═════ Data in this exercise ═════

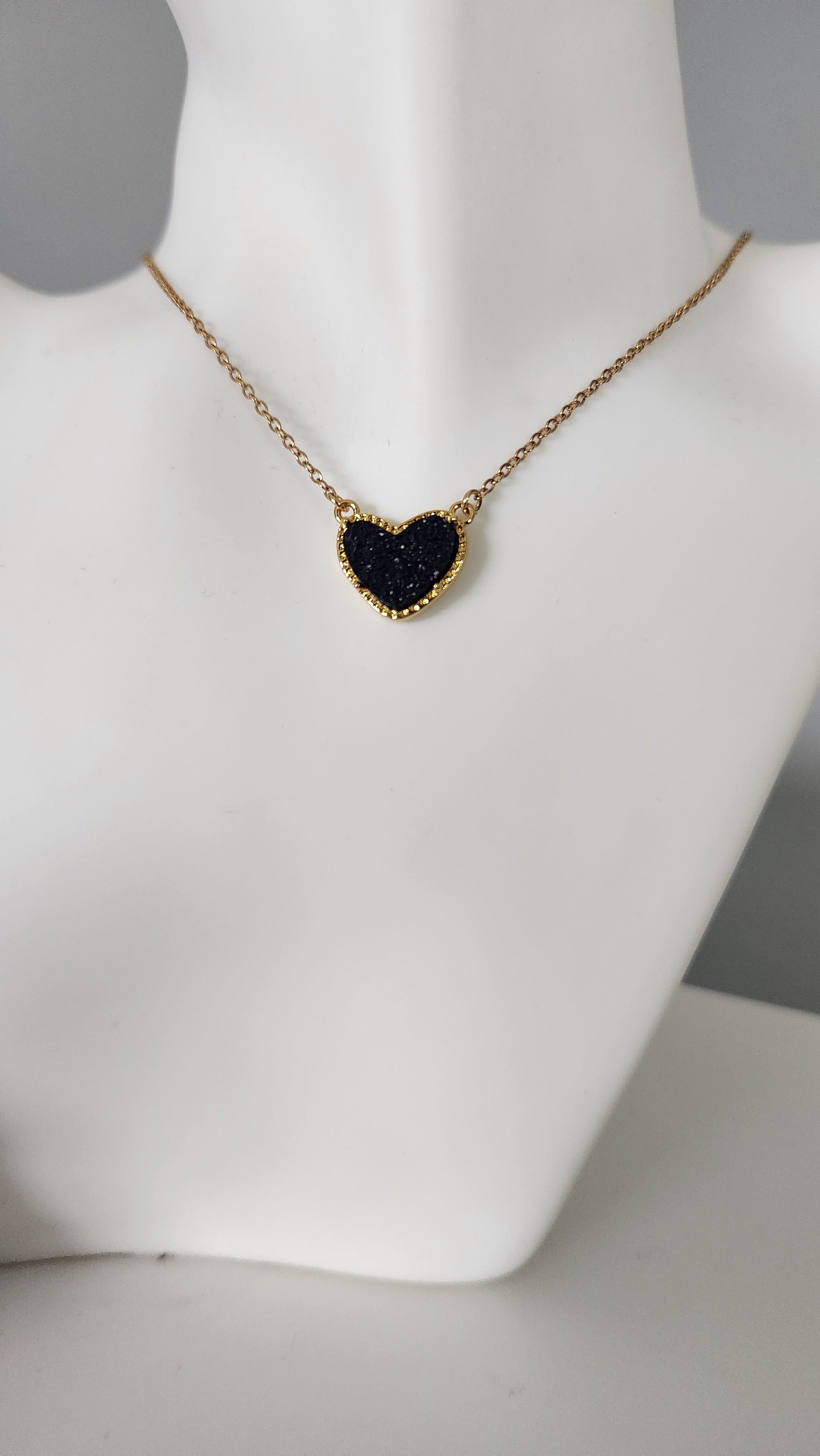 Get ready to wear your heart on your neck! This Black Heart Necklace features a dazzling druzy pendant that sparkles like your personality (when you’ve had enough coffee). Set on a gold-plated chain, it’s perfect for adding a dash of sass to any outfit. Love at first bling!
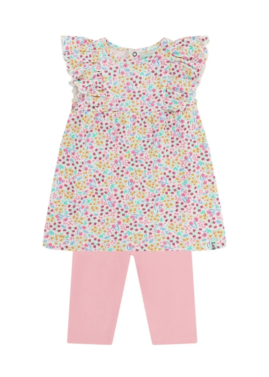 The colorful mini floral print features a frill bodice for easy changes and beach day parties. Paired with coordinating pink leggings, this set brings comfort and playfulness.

═════
═════ Data in this exercise ═════

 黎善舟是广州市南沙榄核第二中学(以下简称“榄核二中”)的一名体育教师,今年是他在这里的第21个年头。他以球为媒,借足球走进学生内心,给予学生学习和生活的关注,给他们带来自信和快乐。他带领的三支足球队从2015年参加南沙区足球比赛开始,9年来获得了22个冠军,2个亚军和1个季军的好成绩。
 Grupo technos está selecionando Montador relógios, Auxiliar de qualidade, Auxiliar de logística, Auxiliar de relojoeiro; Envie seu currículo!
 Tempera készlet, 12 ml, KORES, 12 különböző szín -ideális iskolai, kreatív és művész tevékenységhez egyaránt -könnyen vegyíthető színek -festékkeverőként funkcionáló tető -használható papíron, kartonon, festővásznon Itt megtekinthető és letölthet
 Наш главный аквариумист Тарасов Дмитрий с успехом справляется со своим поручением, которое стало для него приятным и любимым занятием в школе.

═════
═════ Data in this exercise ═════

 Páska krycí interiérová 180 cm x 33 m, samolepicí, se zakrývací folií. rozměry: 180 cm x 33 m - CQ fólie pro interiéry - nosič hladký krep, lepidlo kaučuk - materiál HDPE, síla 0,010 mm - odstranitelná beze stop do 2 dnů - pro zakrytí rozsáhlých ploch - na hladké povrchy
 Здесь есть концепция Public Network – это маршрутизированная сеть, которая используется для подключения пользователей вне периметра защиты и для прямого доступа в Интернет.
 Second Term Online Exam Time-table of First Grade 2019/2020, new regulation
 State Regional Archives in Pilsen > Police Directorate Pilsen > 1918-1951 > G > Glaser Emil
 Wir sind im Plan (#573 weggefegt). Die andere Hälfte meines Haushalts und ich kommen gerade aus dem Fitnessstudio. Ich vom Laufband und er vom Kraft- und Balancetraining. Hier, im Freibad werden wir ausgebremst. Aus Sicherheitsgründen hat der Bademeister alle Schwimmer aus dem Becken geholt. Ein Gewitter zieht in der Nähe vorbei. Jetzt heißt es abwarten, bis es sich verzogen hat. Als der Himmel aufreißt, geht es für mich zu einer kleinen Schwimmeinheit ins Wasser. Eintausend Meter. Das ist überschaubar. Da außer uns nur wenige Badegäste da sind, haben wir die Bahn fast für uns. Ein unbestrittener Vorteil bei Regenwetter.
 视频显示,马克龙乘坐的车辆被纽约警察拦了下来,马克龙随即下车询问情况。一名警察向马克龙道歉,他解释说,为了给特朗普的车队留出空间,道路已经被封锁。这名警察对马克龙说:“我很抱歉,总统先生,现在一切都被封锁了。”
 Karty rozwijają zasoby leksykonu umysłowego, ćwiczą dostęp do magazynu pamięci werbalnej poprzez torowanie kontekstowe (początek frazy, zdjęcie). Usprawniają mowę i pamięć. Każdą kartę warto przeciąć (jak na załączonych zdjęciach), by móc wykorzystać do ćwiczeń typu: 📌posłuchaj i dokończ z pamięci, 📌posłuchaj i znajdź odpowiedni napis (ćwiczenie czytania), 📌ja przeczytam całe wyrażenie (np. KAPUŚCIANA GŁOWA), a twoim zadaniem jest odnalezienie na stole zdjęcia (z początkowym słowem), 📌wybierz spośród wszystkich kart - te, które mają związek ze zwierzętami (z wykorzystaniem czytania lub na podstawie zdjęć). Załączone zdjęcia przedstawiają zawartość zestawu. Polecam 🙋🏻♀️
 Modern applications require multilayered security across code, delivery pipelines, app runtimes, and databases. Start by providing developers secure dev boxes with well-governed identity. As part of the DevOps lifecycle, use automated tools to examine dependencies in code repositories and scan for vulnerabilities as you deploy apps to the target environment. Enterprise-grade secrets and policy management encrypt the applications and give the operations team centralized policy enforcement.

═════

* _Your instructions_
Within the material above, the line with "State Regional Archives" opens the range and the line with "Modern applications require" closes it; reproduce that range word for word.

* _Exercise answer_
 State Regional Archives in Pilsen > Police Directorate Pilsen > 1918-1951 > G > Glaser Emil
 Wir sind im Plan (#573 weggefegt). Die andere Hälfte meines Haushalts und ich kommen gerade aus dem Fitnessstudio. Ich vom Laufband und er vom Kraft- und Balancetraining. Hier, im Freibad werden wir ausgebremst. Aus Sicherheitsgründen hat der Bademeister alle Schwimmer aus dem Becken geholt. Ein Gewitter zieht in der Nähe vorbei. Jetzt heißt es abwarten, bis es sich verzogen hat. Als der Himmel aufreißt, geht es für mich zu einer kleinen Schwimmeinheit ins Wasser. Eintausend Meter. Das ist überschaubar. Da außer uns nur wenige Badegäste da sind, haben wir die Bahn fast für uns. Ein unbestrittener Vorteil bei Regenwetter.
 视频显示,马克龙乘坐的车辆被纽约警察拦了下来,马克龙随即下车询问情况。一名警察向马克龙道歉,他解释说,为了给特朗普的车队留出空间,道路已经被封锁。这名警察对马克龙说:“我很抱歉,总统先生,现在一切都被封锁了。”
 Karty rozwijają zasoby leksykonu umysłowego, ćwiczą dostęp do magazynu pamięci werbalnej poprzez torowanie kontekstowe (początek frazy, zdjęcie). Usprawniają mowę i pamięć. Każdą kartę warto przeciąć (jak na załączonych zdjęciach), by móc wykorzystać do ćwiczeń typu: 📌posłuchaj i dokończ z pamięci, 📌posłuchaj i znajdź odpowiedni napis (ćwiczenie czytania), 📌ja przeczytam całe wyrażenie (np. KAPUŚCIANA GŁOWA), a twoim zadaniem jest odnalezienie na stole zdjęcia (z początkowym słowem), 📌wybierz spośród wszystkich kart - te, które mają związek ze zwierzętami (z wykorzystaniem czytania lub na podstawie zdjęć). Załączone zdjęcia przedstawiają zawartość zestawu. Polecam 🙋🏻♀️
 Modern applications require multilayered security across code, delivery pipelines, app runtimes, and databases. Start by providing developers secure dev boxes with well-governed identity. As part of the DevOps lifecycle, use automated tools to examine dependencies in code repositories and scan for vulnerabilities as you deploy apps to the target environment. Enterprise-grade secrets and policy management encrypt the applications and give the operations team centralized policy enforcement.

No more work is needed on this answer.